Issues arise due to the differing control that some components have on the system and in the influence of individual stakeholders. Some components will yield disproportionate control over a given outcome and therefore may be of greater importance. Stakeholders will also wield differing levels of influence. This could be in the form or land ownership or political or economic capital (Schlager & Ostrom, 1992). There are also restrictions on the stakeholders themselves in the form of legal issues in the form of resource boundaries, sanctions and representation (Ostrom, 1990) Open participation in joint decision making helps to build trust and increases the shared knowledge and desire to act.

With the reconciliation process concluded, there are three viable responses. The first is to decide not to intervene (Gunderson, 2000). This approach monitors the system to see if it is able to return to its normal state. Any benefits the new system could yield are lost in the process of waiting despite the possibility that it may have crossed a significant threshold.

The second approach is to actively manage the system. This could be to move the system across a threshold or to prevent it from reaching one initially. When a disturbance occurs, managers often address only the immediate issues that arise. They alter the system to reverse any degradation and take a specified approach to ensure that component cannot be affected by the disturbance again. This is at the expense of the systems overall resilience. As long as the system identity remains little or no intervention occurs until the next crisis. In this way management becomes reactive and incremental as the system moves from one shock to the next (Anderies et al., 2006). As systems move ever closer towards a threshold, a cautious approach is taken. Detecting strong thresholds long before the system crosses over allows stakeholders to take proactive and less restrained decisions to increase resilience (Lebel et al., 2006).

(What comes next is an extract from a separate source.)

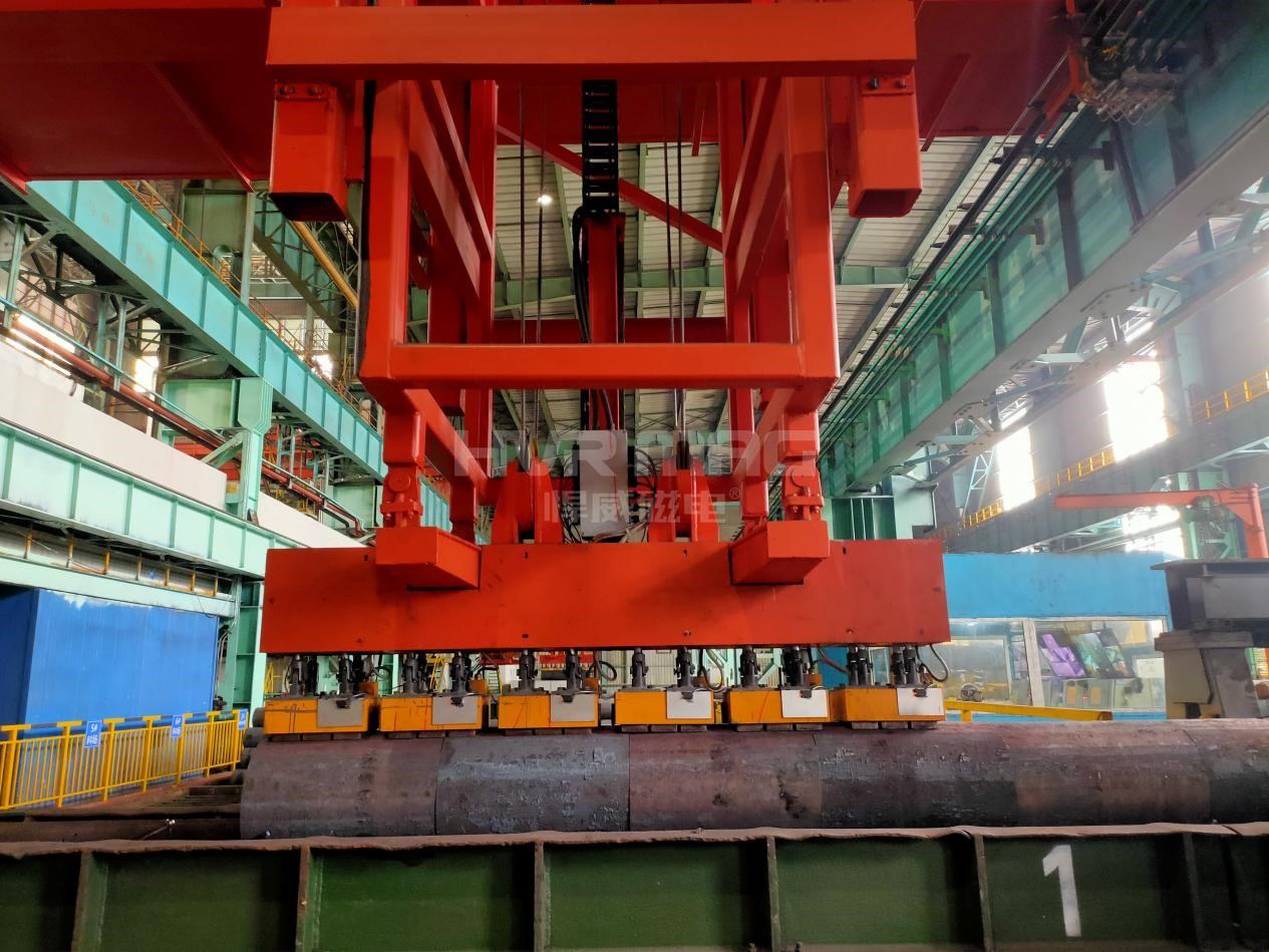 下图所示的智能起重机,配备了悍威磁电定制研发生产的6台型号为HEPMSP-600P70S的电永磁铁,通过配套的HEPC5-900A-T01电永磁控制器,实现单独控制每台磁铁(PLC端输出控制)。

The third approach is to adapt to the new altered regime and accept that change is inevitable. Sustaining the current benefits of a system cannot be achieved indefinitely. Adaptive management embraces the concept of uncertainty and is able to quickly alter the SES mechanism in order to extract benefits from the new system. Adaptive approaches continually assess and re-evaluate policies as system surprises and changes occur. Adaptation ensures that a greater level of value can be attained from the system over time. The values will change and benefit different stakeholders over time, however unlike other approaches can be sustained.

Adaptive management requires a different institutional framework. Institutions are the laws and customs that societies function within. Formal institutions are the systemised rules such as legislation and governmental agencies. Informal institutions deal with the often unwritten rules and customs that society lives by (Ostrom, 1992). Both are important for adaptive management as they will control how a system can be governed legally, financially and culturally. Society will react differently and often more unpredictably than environment agencies will to a disturbance. The uncertainty requires that managers be flexible when dealing with a crisis and polycentric and multi-layered institutions improve coordination between system knowledge and intervention. Individual groups or organisation cannot comprehend all aspects of a system and increasing the stakeholder interaction facilitates greater understanding and willingness to intervene.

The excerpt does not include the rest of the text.